Innokenty Vasilyevich Fyodorov (Иннокентий Васильевич Фёдоров; 26 October 1836 in Petropavlovsk-Kamchatsky, Imperial Russia – 26 December 1883 in Saint Petersburg, Imperial Russia) was a Russian writer, poet and translator better known under his pen name Omulevsky (Омулевский) and occasionally referred to as Fyodorov-Omulevsky.

==Career==
Originally a translator (who started out in 1847 by publishing a book of translations from Adam Mickiewicz) and then a poet (writing under the pseudonyms Kamchatkin, Kamchadal, Merry Poet, Siberian Poet), Omulevsky in 1862 moved to work in Irkutsk where he contributed to the local Amur newspaper and took part in the local narodnik groups. He became famous when his debut novel Step by Step (Шаг за шагом) came out (originally in Delo in 1870, then a year later as a separate edition). Banned in 1874, just before it was about to be re-issued, the novel in retrospect has been described (by the critic Mark Azadovsky) as "the vivid monument for the Russian enlightenment led by this country's revolutionary intelligentsia, fighting for the American-type of capitalist development in Russia" as well as "highly popular among the Russia youth but soon forgotten" example of the Russian politically-charged fiction of 1860s "devoted to the idea of portraying 'an ideal new man', fighting against prejudices and for creating the new, rational and just society," according to Innokenty Fyodorov, the Brockhaus and Efron Encyclopedic Dictionary biographer.

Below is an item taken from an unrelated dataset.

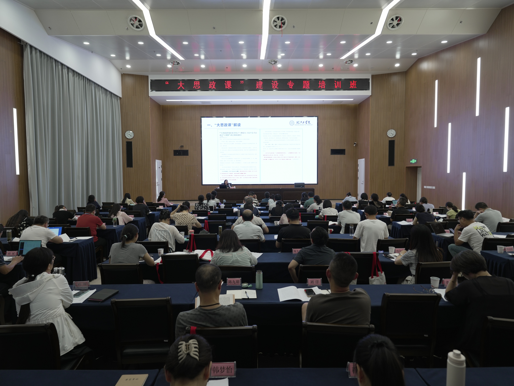 培训班上,理论教学部分,安徽财经大学马克思主义学院院长张斌代表省思政课教师研学基地和蚌埠片区,进行了“大思政课”建设经验分享和未来展望。安徽工程大学马克思主义学院院长吴月红代表宣城地区做了“大思政课”建设经验分享。今年会马克思主义学院常务副院长刘双代表马鞍山片区,作了“大思政课”建设经验分享。她以“让‘大思政课’锁住课味儿”为题,结合当下全国的做法,介绍了今年会马院与中共马鞍山市委宣传部、市教育局联合推进市域“大思政课”建设的经验和做法。

In 1873 in Saint Petersburg he was arrested (for allegedly agitating against the government), spent a year in jail, was freed for the lack of evidence but had almost lost his sight by the time of his release. His second novel Trying's Not a Joke (Popytka – ne shutka, Попытка — не шутка, 1873) remained unfinished.

The Collected Works by Omulevsky titled Songs of Life (Pesni zhizni, Песни жизни) came out posthumously in 1883. The extended version of it in two volumes was released in 1906.